Source data:
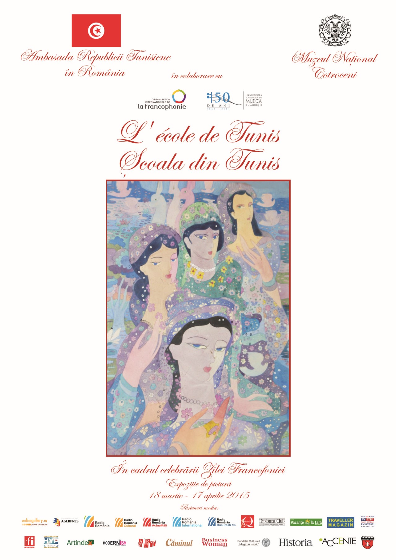 Muzeul Naţional Cotroceni în colaborare cu Ambasada Republicii Tunisiene la Bucureşti, organizează miercuri, 18 martie 2015, orele 18.30, în Salonul Cerchez al muzeului, vernisajul expoziţiei „L΄Ecole de Tunis / Şcoala din Tunis”. Expoziţia este organizată cu ocazia celebrării lunii Francofoniei de către GADIF (Grupul Ambasadelor, Delegatiilor, Instituţiilor Francophone).
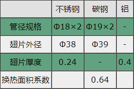 热源为热水蒸汽或导热油时翅片规格
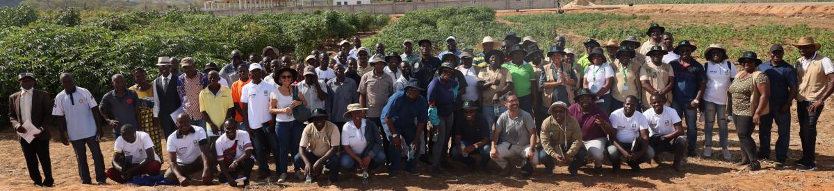 Delegates posing in front of the cassava genebank at Mazozo Research Station
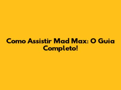 Como Assistir Mad Max: O Guia Completo!
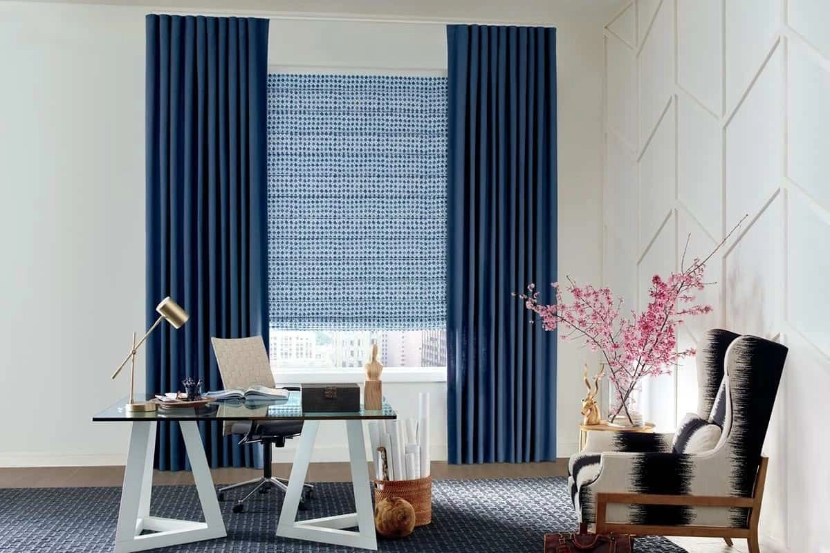 What makes drapes a bold style of window treatments is not only their size, which often extends far beyond the window frame itself but also the fabrics from which it is constructed. Fabric is a beautiful tool in interior design that can enrapture the viewer with its prints or patterns and its movement that gives life to this bold style for window treatments. In the Hunter Douglas collection, check out the Design Studio™ Drapery collection options for exclusive designer fabrics from Rebecca Atwood, Marcie Bronkar, and Seema Krish for high-end style and quality. Drapery also pairs well with interior coverings like shutters, cellular shades, roller shades, and blinds to create multi-tiered window fashions with a bold yet well-rounded sense of style.
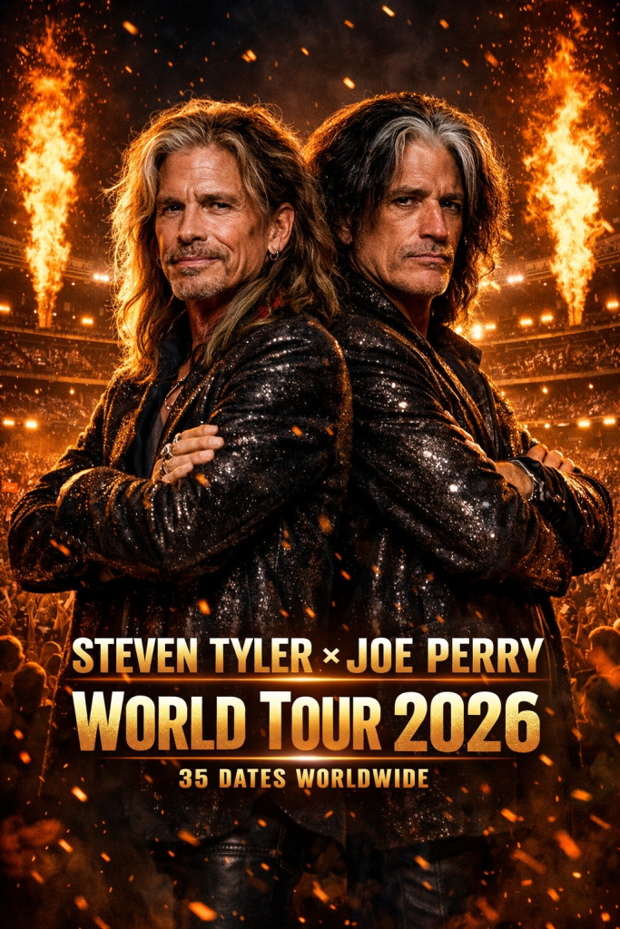 Steven Tyler and Joe Perry — two towering architects of American rock & roll — are officially returning to the world stage together. After years of speculation, silence, and whispered hope among fans, the legendary duo has announced a 2026 World Tour, a historic reunion that will span 35 landmark concerts across three continents.
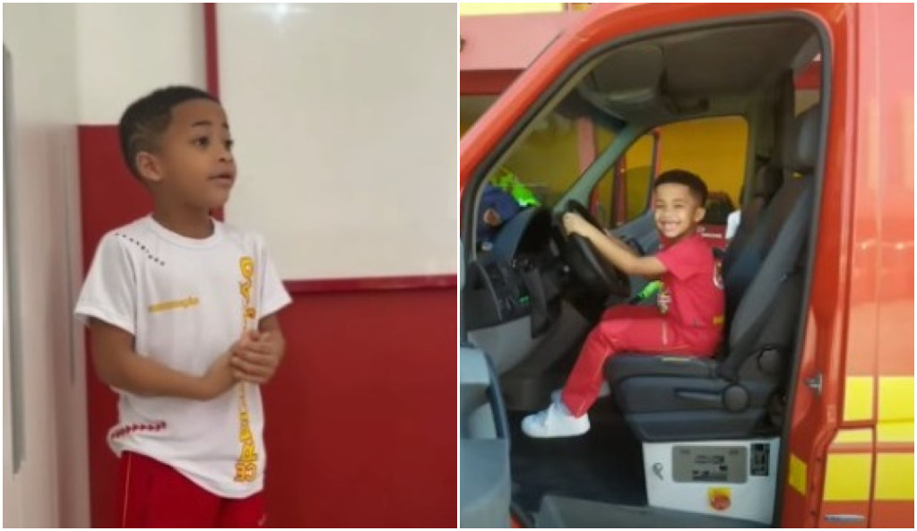 O Corpo de Bombeiros publicou um vídeo do relato do menino e de sua mãe. Veja:
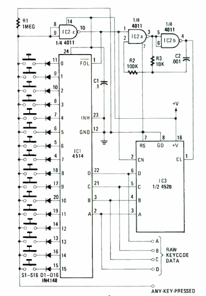 Este circuito foi encontrado na revista Radio Electronics de julho de 1987. Ele utiliza tecnologia CMOS para converter em binário o controle de 10 interruptores de pressão.
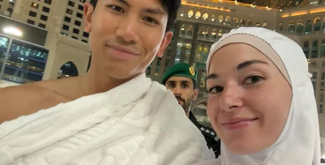 Абдул Матин и Аниша поженились на роскошной 10-дневной свадьбе в январе этого года, но в Мекке они позировали в белых одеждах, известных как одежда Ихрама.
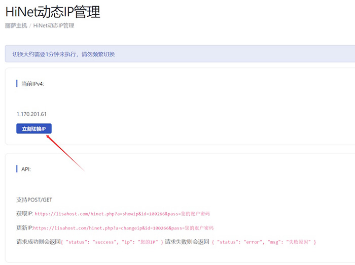 我们可以看到支持在线WEB切换IP或者是API更换,需要多IP的朋友还是不错的。
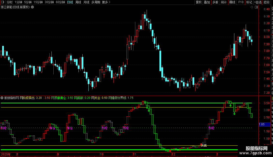 DRAWTEXT(CROSS(网动力线,网强弱分界线),网强弱分界线,'加仓'),COLORFF00FF;

Task objective: All lines after and including the one with "Como Assistir Mad Max: O Guia Completo!", through the end of the entries above, should be output exactly and by themselves. The pictures are to be left out.

Solution to this problem:
 Como Assistir Mad Max: O Guia Completo!
 What makes drapes a bold style of window treatments is not only their size, which often extends far beyond the window frame itself but also the fabrics from which it is constructed. Fabric is a beautiful tool in interior design that can enrapture the viewer with its prints or patterns and its movement that gives life to this bold style for window treatments. In the Hunter Douglas collection, check out the Design Studio™ Drapery collection options for exclusive designer fabrics from Rebecca Atwood, Marcie Bronkar, and Seema Krish for high-end style and quality. Drapery also pairs well with interior coverings like shutters, cellular shades, roller shades, and blinds to create multi-tiered window fashions with a bold yet well-rounded sense of style.
 Steven Tyler and Joe Perry — two towering architects of American rock & roll — are officially returning to the world stage together. After years of speculation, silence, and whispered hope among fans, the legendary duo has announced a 2026 World Tour, a historic reunion that will span 35 landmark concerts across three continents.
 O Corpo de Bombeiros publicou um vídeo do relato do menino e de sua mãe. Veja:
 Este circuito foi encontrado na revista Radio Electronics de julho de 1987. Ele utiliza tecnologia CMOS para converter em binário o controle de 10 interruptores de pressão.
 Абдул Матин и Аниша поженились на роскошной 10-дневной свадьбе в январе этого года, но в Мекке они позировали в белых одеждах, известных как одежда Ихрама.
 我们可以看到支持在线WEB切换IP或者是API更换,需要多IP的朋友还是不错的。
 DRAWTEXT(CROSS(网动力线,网强弱分界线),网强弱分界线,'加仓'),COLORFF00FF;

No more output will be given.